> _Records_
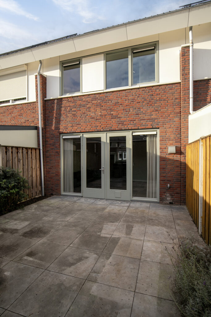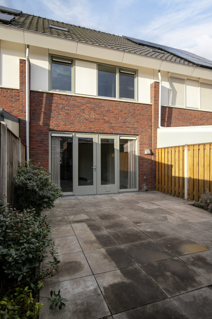 De onderhoudsarme achtertuin is aangelegd met klinkers en beschikt over een buitenkraan en een stenen tuinberging. Via de achterom heb je toegang tot het gezamenlijk terrein, dat is afgesloten met een elektrische poort. Bij de woning hoort een vaste parkeerplaats.
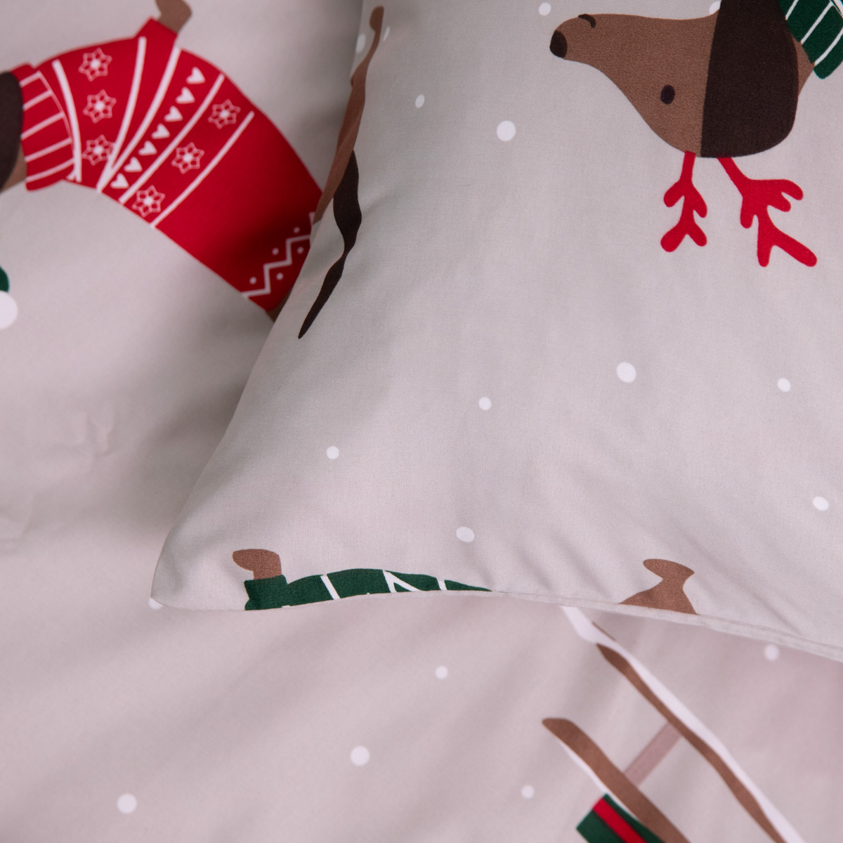 The GENESIS Christmas bedding set consists of a 160 x 200 cm duvet cover and two 70 x 80 cm pillowcases. With its harmonious pattern with dachshunds, Christmas trees and twinkling lights, it will bring unique charm and warmth to your interior during the festive season.
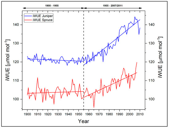 To initially test a possible individual response of our two studied tree species towards changing CO2 concentrations, we calculated for the period 1900−2007 their respective intrinsic water-use efficiencies (iWUE). As reported in [39], the iWUE is defined as the ratio of net photosynthetic assimilation rate (A) to stomatal conductance (gs) for water vapor. It is calculated as:
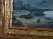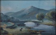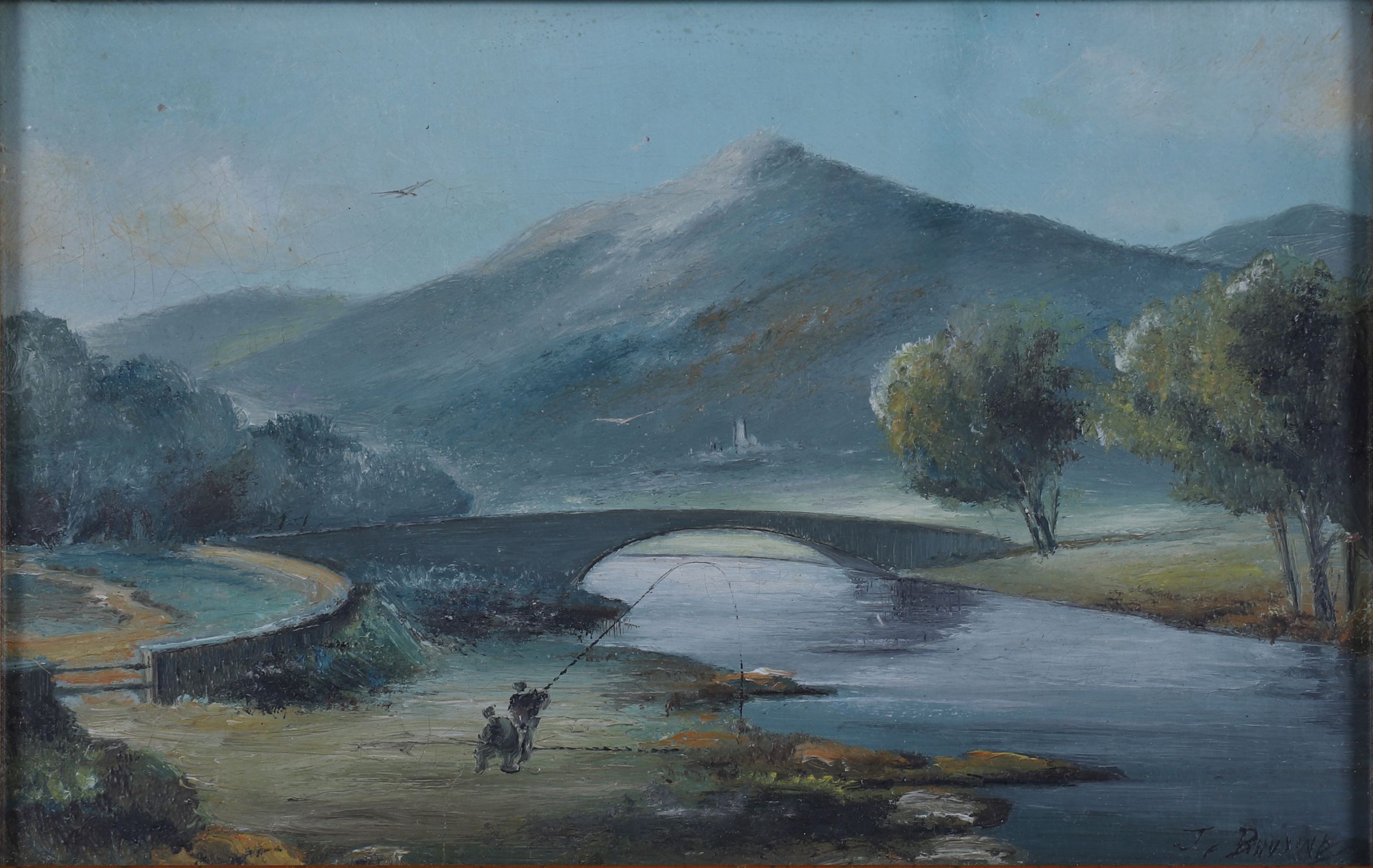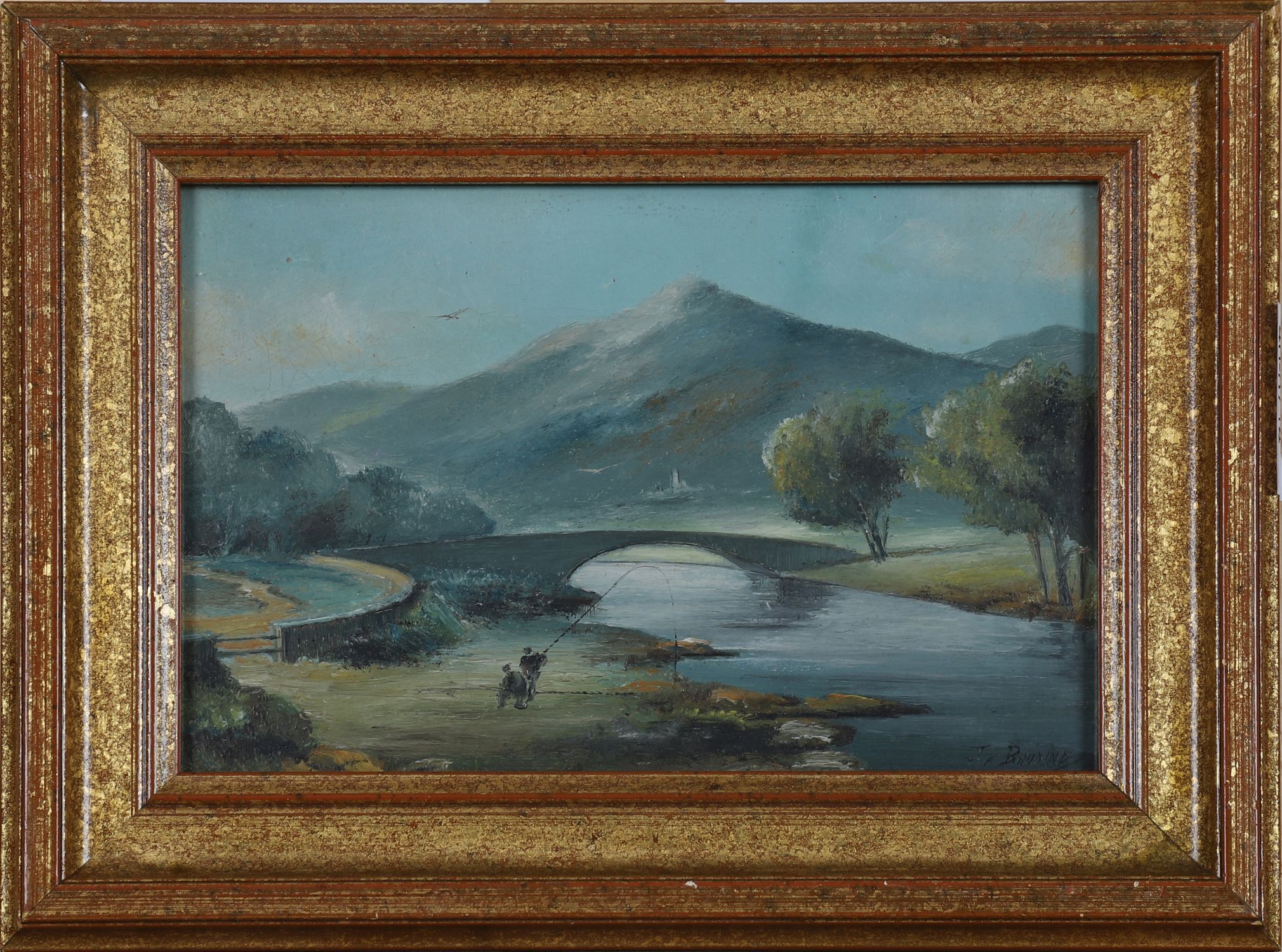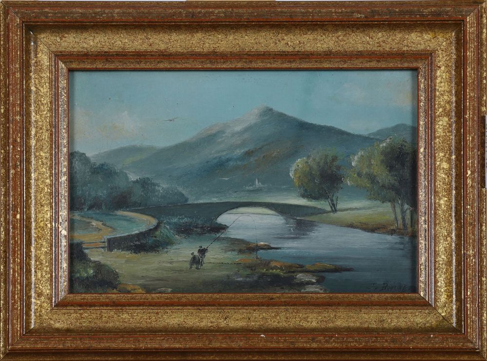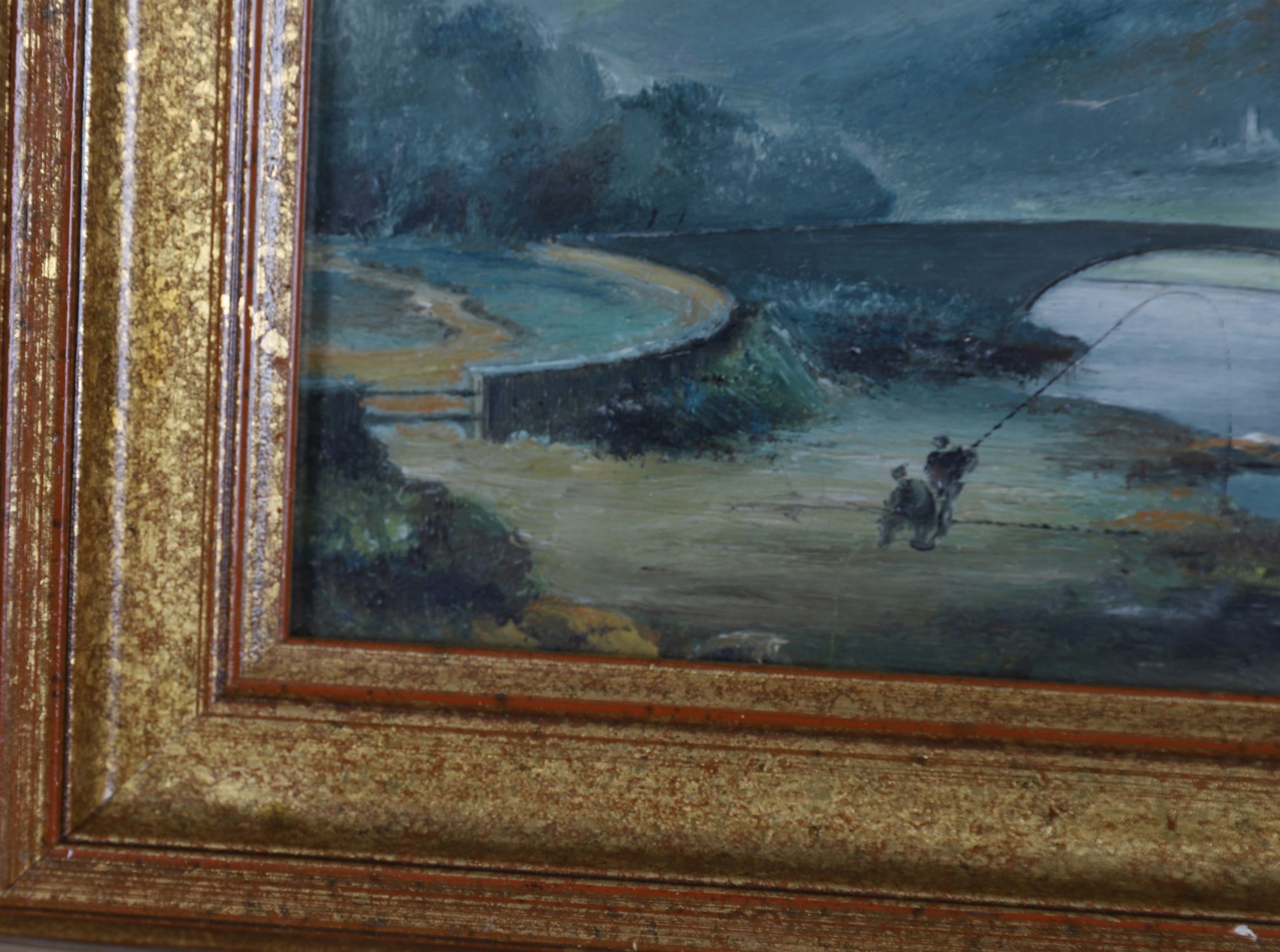 A river landscape with arched stone bridge and fisherman in the foreground, signed lower right. Presented in gilt frame. Oil on card.
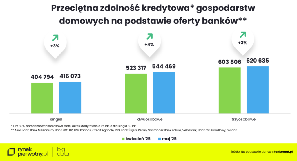 Jak wynika z analizy Rankomat.pl, nasza przykładowa singielka i singiel mogli w maju liczyć na średnio ok. 416,1 tys. zł kredytu na zakup mieszkania. To kwota o blisko 11,3 tys. zł większa niż miesiąc wcześniej i o 38,1 tys. zł większa niż w styczniu. Z kolei przeciętna zdolność kredytowa bezdzietnej pary wzrosła w maju do ok. 544,5 tys. zł (o 21,2 tys. zł w porównaniu z kwietniem), natomiast pary z dzieckiem – do ok. 620,6 tys. zł (o 16,8 tys. zł).
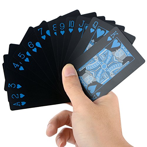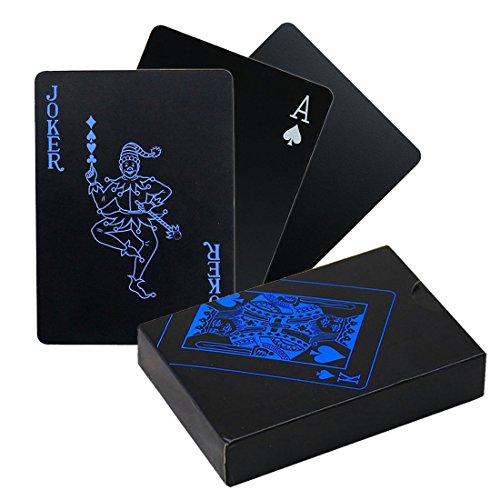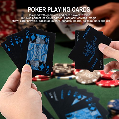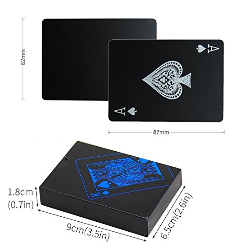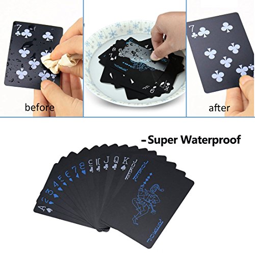 Waterproof PVC Playing Cards Set, Black Poker Table Cards Classic Magic Tricks Tool, Deck (54pcs)
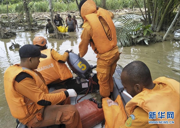 3月17日,在印度尼西亞巴布亞省森塔尼,搜救人員開展搜救行動。新華社發(fā)
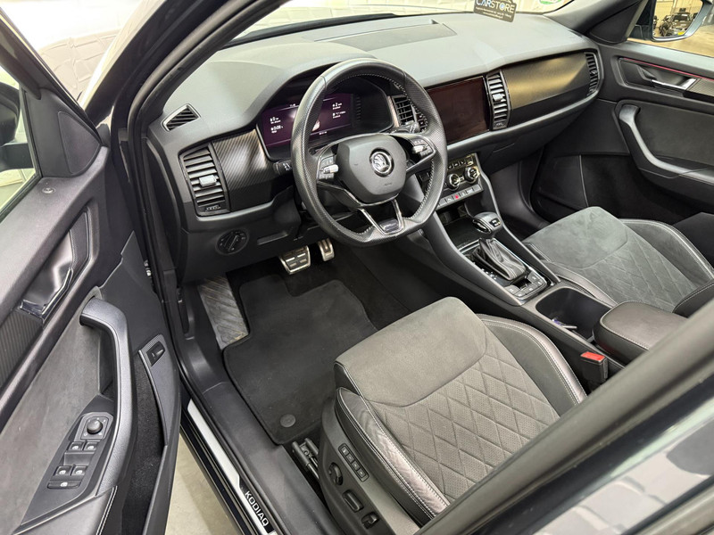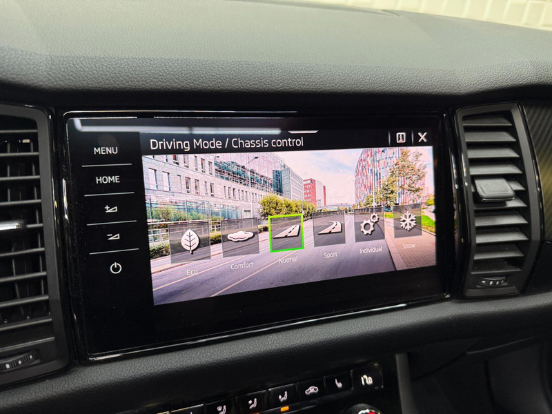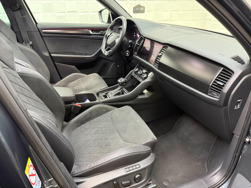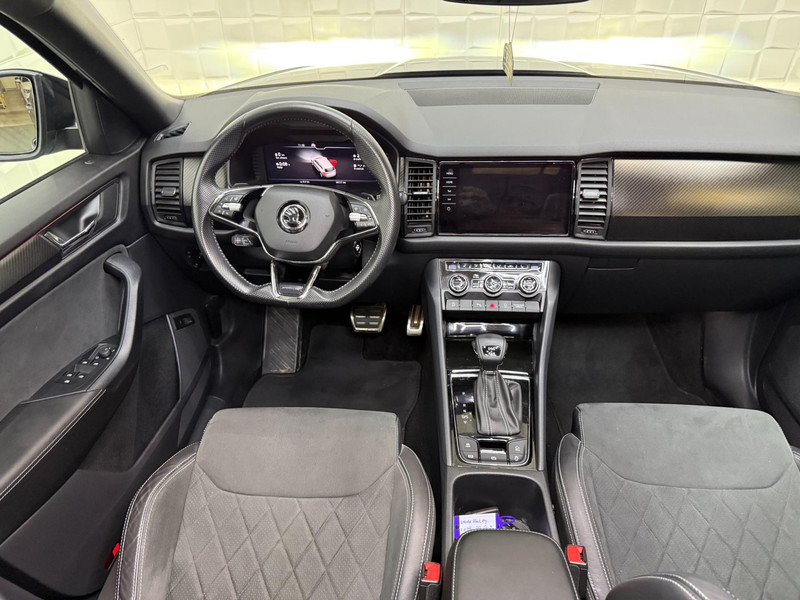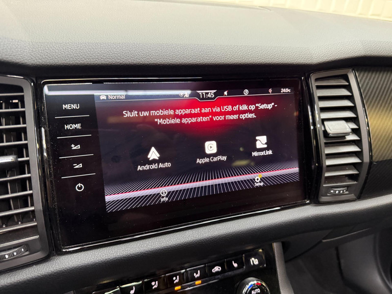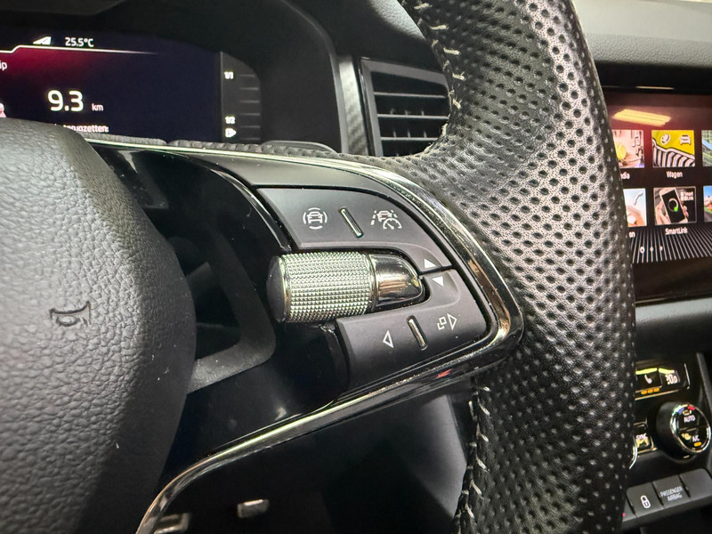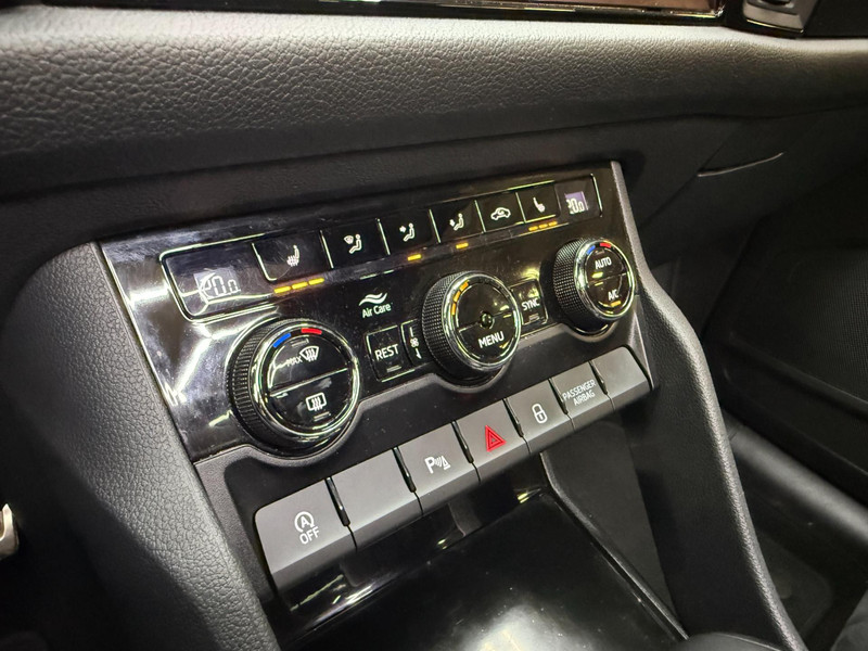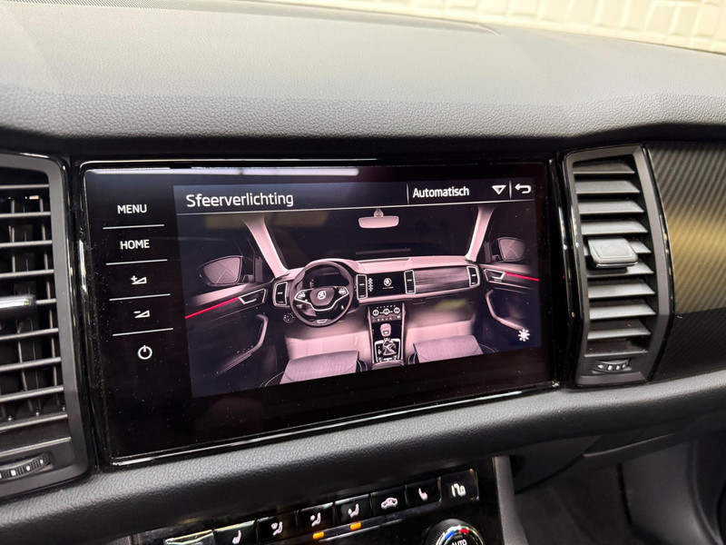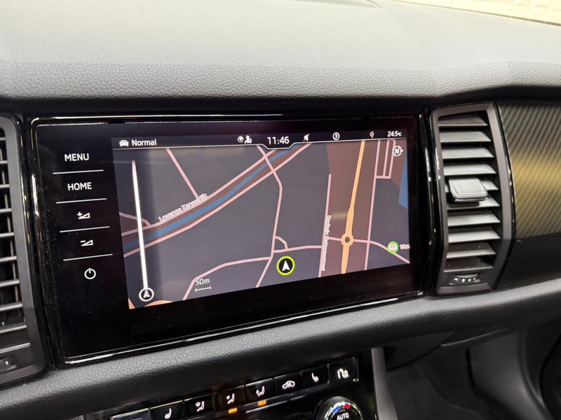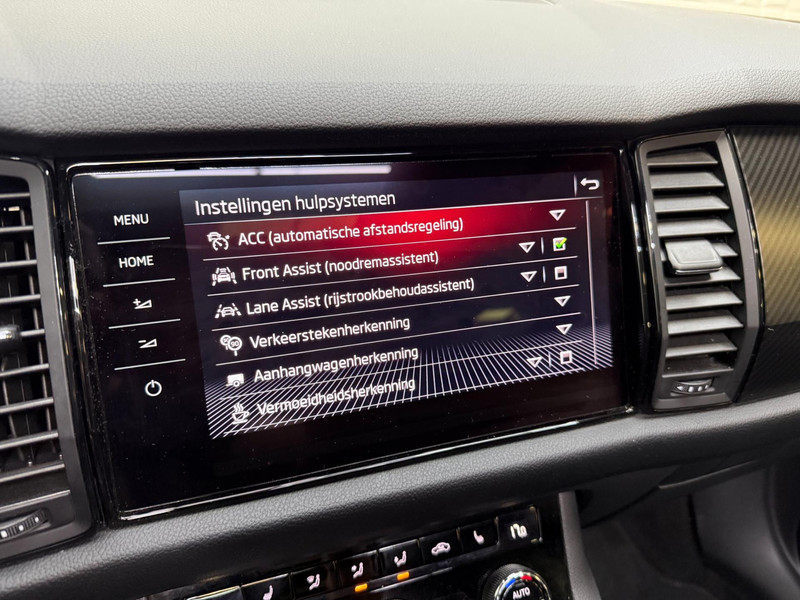 De standkachel verwarmt het interieur voor. Dat betekent meer comfort voor u en minder slijtage voor de auto. Het digitale dashboard geeft alle up-to-date info en functies voor een slimme en veilige rit. Adaptive cruise control is een comfortabele en veilige optie. Het systeem reguleert de snelheid en houdt automatisch afstand tot uw voorligger. In deze Kodiaq vindt u schakelaars op het stuur om het audio-installatiesysteem te bedienen en het origineel navigatiesysteem. Parkeerplekken worden er niet ruimer op. Maar met de aanwezige parkeersensoren krijgt u deze Skoda Kodiaq zonder problemen op z'n plaats. Ook automatische airconditioning, schakel flippers aan het stuur, keyless entry, buitentemperatuurmeter, automatisch dimmende buitenspiegels en isofix-aansluiting zijn aan boord.

> _Exercise aim_
Repeat, word for word, the lines of the material above from the one holding "Jak wynika z" through the one holding "3月17日,在印度尼西亞巴布亞省森塔尼,搜救人員開展搜救行動。新華社發(fā)". Leave out pictures.

> _Answer box_
 Jak wynika z analizy Rankomat.pl, nasza przykładowa singielka i singiel mogli w maju liczyć na średnio ok. 416,1 tys. zł kredytu na zakup mieszkania. To kwota o blisko 11,3 tys. zł większa niż miesiąc wcześniej i o 38,1 tys. zł większa niż w styczniu. Z kolei przeciętna zdolność kredytowa bezdzietnej pary wzrosła w maju do ok. 544,5 tys. zł (o 21,2 tys. zł w porównaniu z kwietniem), natomiast pary z dzieckiem – do ok. 620,6 tys. zł (o 16,8 tys. zł).
 Waterproof PVC Playing Cards Set, Black Poker Table Cards Classic Magic Tricks Tool, Deck (54pcs)
 3月17日,在印度尼西亞巴布亞省森塔尼,搜救人員開展搜救行動。新華社發(fā)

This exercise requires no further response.